RSS
Логотип
Баннер в шапке 1
Баннер в шапке 2

Siemens SPPA-T-серия (Siemens Power Plant Automations)

Product
Developers: Siemens AG
Branches: Power
Technology: APCS

The solution Siemens SPPA-T3000 is applied to control and management of technology processes on large objects of power generation in the USA, Germany, Russia and other countries.

2019: Detection of 17 vulnerabilities

On December 13, 2019 the Positive Technologies company reported that it helped Siemens to eliminate dangerous vulnerabilities in an electric power production management system.

In total in SPPA-T3000 system experts of Positive Technologies revealed 17 vulnerabilities.

File:Aquote1.png
Operation of some vulnerabilities is able to allow the malefactor to execute any code on the application server (one of the most important components of SPPA-T3000 system), to receive control over technology process and to break it. It threatens with the termination of electricity production and emergency situations on TPP or hydroelectric power station — where a vulnerable system is installed,
notes the head of the safety department of industrial management systems of Positive Technologies Vladimir Nazarov
File:Aquote2.png

Vulnerabilities were detected in two SPPA-T3000 components — in the application server and the server of migration.

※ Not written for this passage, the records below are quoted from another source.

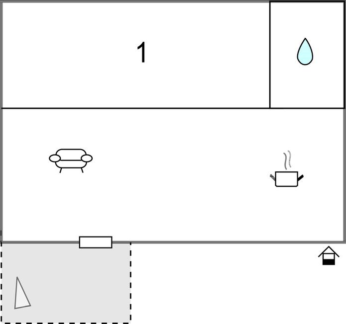 Opholdsstue/køkken 20m2 - 2 Sovepladser. (Sofa, madras eller lignende).
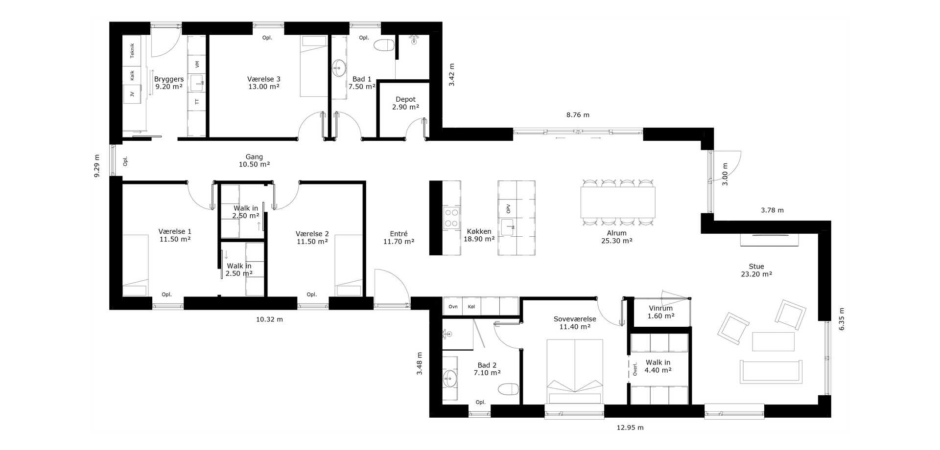 Køkken/alrummet ligger langs med husets længderetning, og med stor dobbelt skydedør, kipvinduer i gavlen og ovenlys fremstår det lyst og venligt på alle årets dage. Her er plads til gæster og det lækre vinrum med rå mursten og glasparti giver rummet personlighed.
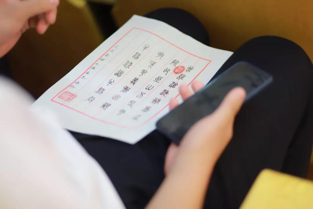 最后的互动环节,马保利机长与现场同学进行诗词知识的交流,并将自己亲手写的小篆作品赠予同学。“玲珑骰子安红豆,入骨相思知不知。”机长笑称这是他写给南航的情书。
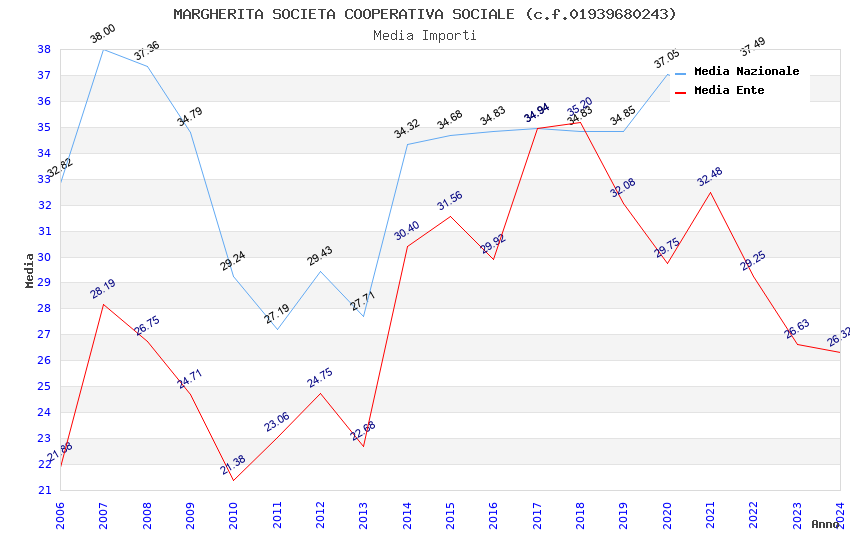 | Anno | Firme | Importi | Media | Naz. | Reg. | Prov. | Comu. |
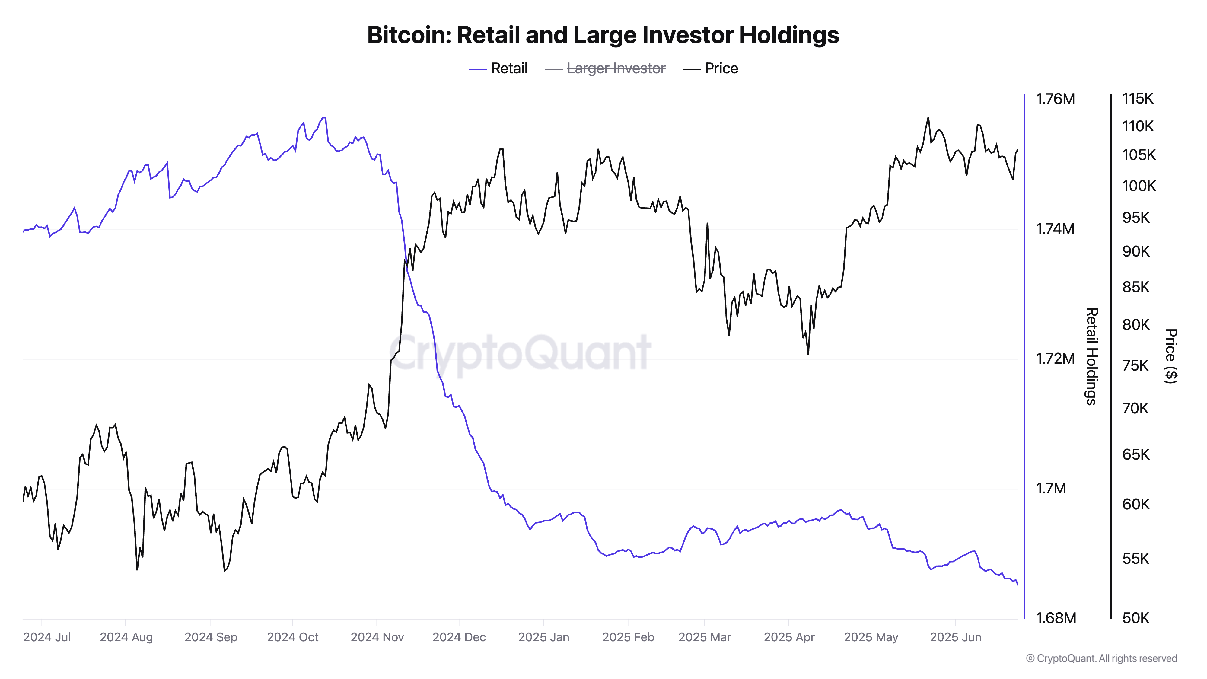 Pseudonymous CryptoQuant analisti IT Tech’in yakın tarihli bir raporuna göre, BTC büyük sahipleri genellikle balinalar, kurumlar ve fonlar, son bir yılda coin birikimlerini istikrarlı bir şekilde artırdı. Bu, bireysel yatırımcıların varlıklarını elden çıkarmaya devam ettiği trendle keskin bir tezat oluşturuyor.

Seven vulnerabilities were found in the code of the application server. Three of them allow to execute any code in a system. In the first case it is possible thanks to the unprotected service Remote Method Invocation (RMI), and for vulnerability operation authentication is not required. Other opportunity is revealed in the Java Management Extensions (JMX) service started on the application server. Also existence in the system of the method available through a remote call of procedures (RPC method) intended for administration and which is not requiring authentication allows to execute the code in a system.

Three more vulnerabilities of the application server are connected with a lack of authentication of some services which allows to stop some containers started in a system and to cause failure in service of the server. The last vulnerability allows to load any files without any authorization.

Other ten vulnerabilities are detected in the server of migration MS-3000. Among them two possibilities of a remote read and write of any files. So, for example, the malefactor can read file/etc/shadow containing the ciphered passwords of users and to try to pick up the password.

Multiple shortcomings of security like "buffer overflow on a heap" are also revealed. Their operation can lead to failure of the server of migration, among other things.

Users are recommended to set the latest version of SPPA-T3000 in which the detected vulnerabilities are eliminated.